FINANCIAMENTOS. Voltando ao "privilégio do programa" mencionado por Tréfaut, este acrescenta que "o grande adversário do documentário, em Portugal, é a RTP" e, se "o financiamento devia ser muito maior, também aí a RTP está muito mais em falta do que o ICAM". Explica "Na Europa, normalmente, o financiamento dos filmes passa muito pelas televisões e de várias formas. Eu faço filmes e vendo-os: com a pré-compra da Finlândia ganho mais do que com a RTP. Não é natural que me queiram dar seis mil euros por Lisboetas, se vendo o filme por oito mil à Finlândia e por 25 mil ao Arte".

Elísio de Oliveira salienta que "o investimento do ICAM no documentário tem crescido, nos últimos anos". Refere em concreto 2003 e 2004, quando, diz, em cada ano "foram completados 14 documentários", tendo o investimento, porém, crescido de 700 mil para 725 mil euros, com o acréscimo destinado a "apoio ao desenvolvimento da produção". Além de não ser muito, o dirigente do ICAM reconhece ter havido "redução do investimento" de 2002 para 2003. Então, foram 58 projectos a concurso, para primeiras obras de ficção longa; para documentário houve perto de 120 e apoio só a cerca de uma dezena. Tréfaut considera "naturalíssimo que fique gente de fora", mas acha insuficiente "o financiamento máximo de 50 mil euros" e a percentagem de projectos escolhidos "menos de dez por cento é pouco, comparado com alguns países europeus, e podia-se fazer mais".

José Manuel Costa advoga a necessidade de "distribuir melhor os dinheiros, não financiar tudo pela mesma bitola, o que impede a viabilização de projectos. O plafond de 50 mil euros é muito baixo, não há diversificação, prolifera quem faz documentário barato mas não, necessariamente, de qualidade, e corremos o risco de nos afastarmos dela cada vez mais." Ao mesmo tempo, faz notar que também se reduziu a diversidade de fontes de financiamento (nos anos 90, havia a Comissão dos Descobrimentos, entre outras) e "há um afastamento de todas as televisões do documentário de cinema, porque investem no seu próprio produto; sobretudo, compram produtos baratos."
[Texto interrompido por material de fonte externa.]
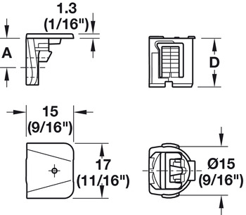 - Area of application : for shelf thickness from 16–19 mm, to additionally secure shelf against toppling, increased stability in furniture when using the Tab 15 for screw fixing
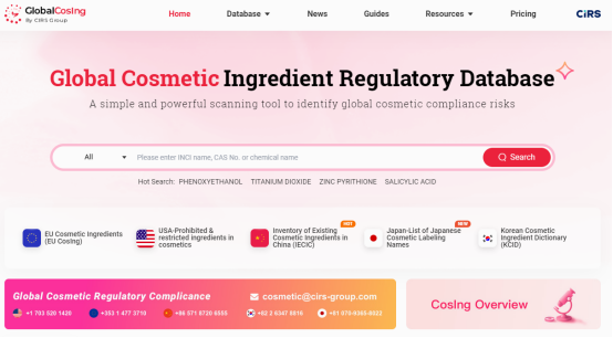 Global CosIng, independently developed by CIRS Group, serves as a one-stop search tool for global cosmetic compliance information. You can visit Global CosIng and find out more via the following link: https://globalcosing.chemradar.com/
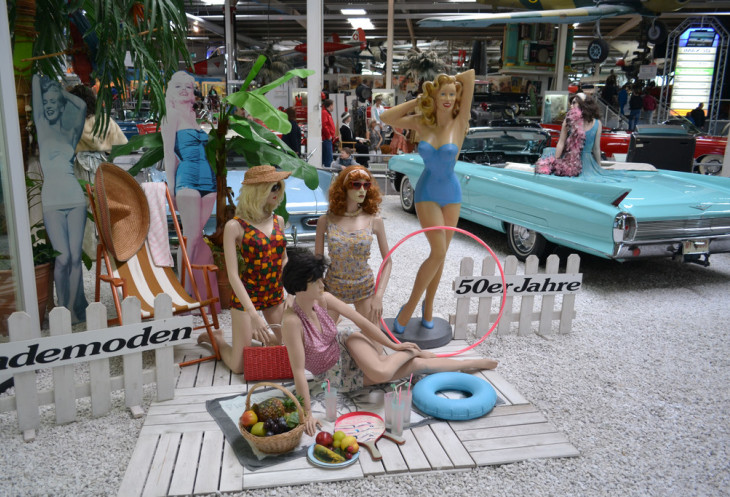 Все это разделено более-менее по периодам: 20-е годы, 30-е, 50-е. Между машинами расставлены и манекены, одетые в одежду соответствующего времени, плюс всевозможные сопутствующие аксессуары.
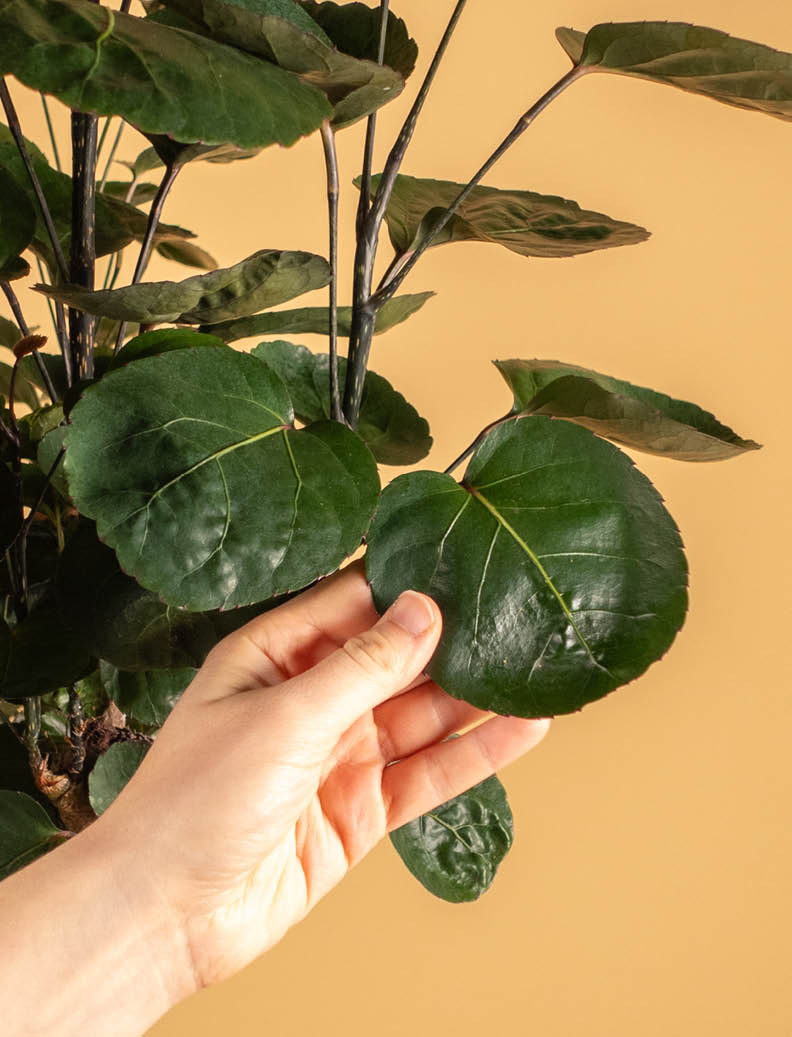• Person mit großer Polyscias scutellaria im Wohnzimmer

Elísio de Oliveira garante que "o documentário tem merecido todo o apoio" do ICAM, ainda "por via do Doclisboa e dos Encontros de Serpa". Atribui o crescente interesse pelo género, também da parte de jovens realizadores, à "produção mais económica" e ao facto de "chegar mais às pessoas do que a ficção". Destacando o envolvimento do ICAM em "projectos de formação, iniciativas como o Doc TV Palop ou o África Doc", conclui que "há muitos projectos e ainda bem", mas acaba a concordar que "o orçamento é limitado".
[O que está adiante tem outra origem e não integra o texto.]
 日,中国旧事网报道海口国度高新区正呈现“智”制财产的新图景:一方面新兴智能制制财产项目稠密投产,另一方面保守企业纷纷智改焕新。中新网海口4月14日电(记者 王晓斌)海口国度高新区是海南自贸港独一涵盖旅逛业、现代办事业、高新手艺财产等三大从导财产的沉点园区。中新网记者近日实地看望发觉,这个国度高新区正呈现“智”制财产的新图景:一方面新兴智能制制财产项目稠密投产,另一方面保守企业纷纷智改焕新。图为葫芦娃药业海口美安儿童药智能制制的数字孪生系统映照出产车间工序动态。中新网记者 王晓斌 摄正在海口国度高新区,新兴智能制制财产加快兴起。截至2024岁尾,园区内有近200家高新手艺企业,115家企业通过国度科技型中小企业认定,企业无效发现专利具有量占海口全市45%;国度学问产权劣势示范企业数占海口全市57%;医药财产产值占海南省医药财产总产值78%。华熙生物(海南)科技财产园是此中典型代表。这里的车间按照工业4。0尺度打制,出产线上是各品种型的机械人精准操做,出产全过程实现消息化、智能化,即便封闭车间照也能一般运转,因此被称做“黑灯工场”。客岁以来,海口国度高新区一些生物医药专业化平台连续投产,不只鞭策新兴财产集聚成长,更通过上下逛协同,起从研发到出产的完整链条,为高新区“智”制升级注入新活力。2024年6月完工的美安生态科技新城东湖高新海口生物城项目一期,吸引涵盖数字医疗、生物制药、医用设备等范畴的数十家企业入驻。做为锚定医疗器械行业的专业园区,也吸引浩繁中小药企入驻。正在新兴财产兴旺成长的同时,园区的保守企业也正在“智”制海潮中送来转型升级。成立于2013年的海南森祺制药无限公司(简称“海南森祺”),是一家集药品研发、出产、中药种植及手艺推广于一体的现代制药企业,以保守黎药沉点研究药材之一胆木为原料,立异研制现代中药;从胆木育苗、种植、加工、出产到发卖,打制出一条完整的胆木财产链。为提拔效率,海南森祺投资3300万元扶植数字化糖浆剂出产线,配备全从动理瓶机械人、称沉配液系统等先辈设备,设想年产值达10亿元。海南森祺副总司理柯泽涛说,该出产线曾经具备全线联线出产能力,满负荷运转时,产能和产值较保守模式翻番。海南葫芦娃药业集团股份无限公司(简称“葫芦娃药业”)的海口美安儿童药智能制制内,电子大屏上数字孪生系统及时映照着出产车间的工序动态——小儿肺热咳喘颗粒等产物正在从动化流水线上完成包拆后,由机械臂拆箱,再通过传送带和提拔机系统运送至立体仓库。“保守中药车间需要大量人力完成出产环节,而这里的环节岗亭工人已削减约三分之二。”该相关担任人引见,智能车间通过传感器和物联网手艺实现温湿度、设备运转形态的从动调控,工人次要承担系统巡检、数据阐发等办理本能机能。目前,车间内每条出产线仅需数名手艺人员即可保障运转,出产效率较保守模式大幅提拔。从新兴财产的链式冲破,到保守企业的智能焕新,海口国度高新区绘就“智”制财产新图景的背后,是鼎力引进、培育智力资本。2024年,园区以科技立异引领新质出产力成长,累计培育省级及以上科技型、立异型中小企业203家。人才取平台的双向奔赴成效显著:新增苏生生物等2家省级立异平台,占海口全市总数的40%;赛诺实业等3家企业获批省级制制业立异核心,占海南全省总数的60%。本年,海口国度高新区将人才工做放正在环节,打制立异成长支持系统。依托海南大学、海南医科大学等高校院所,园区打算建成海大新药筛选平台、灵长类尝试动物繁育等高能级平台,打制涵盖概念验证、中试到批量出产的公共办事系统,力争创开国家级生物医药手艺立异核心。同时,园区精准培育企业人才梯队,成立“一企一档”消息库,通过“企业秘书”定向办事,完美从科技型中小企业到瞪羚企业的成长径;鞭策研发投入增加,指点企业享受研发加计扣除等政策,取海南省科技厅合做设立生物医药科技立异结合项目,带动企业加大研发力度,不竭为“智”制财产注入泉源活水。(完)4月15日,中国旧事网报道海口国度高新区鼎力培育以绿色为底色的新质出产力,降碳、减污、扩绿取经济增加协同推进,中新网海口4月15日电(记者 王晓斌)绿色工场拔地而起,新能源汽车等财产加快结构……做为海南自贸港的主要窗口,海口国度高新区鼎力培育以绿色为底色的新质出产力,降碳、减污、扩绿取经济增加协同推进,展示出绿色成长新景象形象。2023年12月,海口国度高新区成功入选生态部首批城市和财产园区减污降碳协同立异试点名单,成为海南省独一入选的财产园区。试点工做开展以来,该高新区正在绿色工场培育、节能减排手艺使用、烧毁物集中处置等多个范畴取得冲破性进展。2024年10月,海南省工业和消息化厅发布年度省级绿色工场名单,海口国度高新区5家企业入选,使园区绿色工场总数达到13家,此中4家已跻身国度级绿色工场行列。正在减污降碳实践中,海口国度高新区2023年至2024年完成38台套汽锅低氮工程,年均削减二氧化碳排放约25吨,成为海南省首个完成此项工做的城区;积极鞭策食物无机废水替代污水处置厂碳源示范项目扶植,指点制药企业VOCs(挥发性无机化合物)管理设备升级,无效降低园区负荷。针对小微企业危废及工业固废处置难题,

Por outro lado, o protocolo com a RTP "tem sido cumprido", embora, admite o presidente do ICAM, seja "normalmente tido pelos produtores como insuficiente". Da sensibilidade da TV pública e do seu conhecimento da matéria, talvez dê indício a promoção a Noitadas/Documentários do ICAM, na 2 (semana 18-22 de Julho): desfilavam imagens e títulos, sem outra identificação. Não sendo o ICAM autor nem produtor dos filmes, pergunta-se porquê.

Bruno Santos, subdirector de Programas, Grelha e Comunicação, responde "Há dezenas de documentários, emitidos pela RTP, que não são co-produzidos com o ICAM. A gente omite [o nome dos autores] só para não ficar um calhamaço de informações."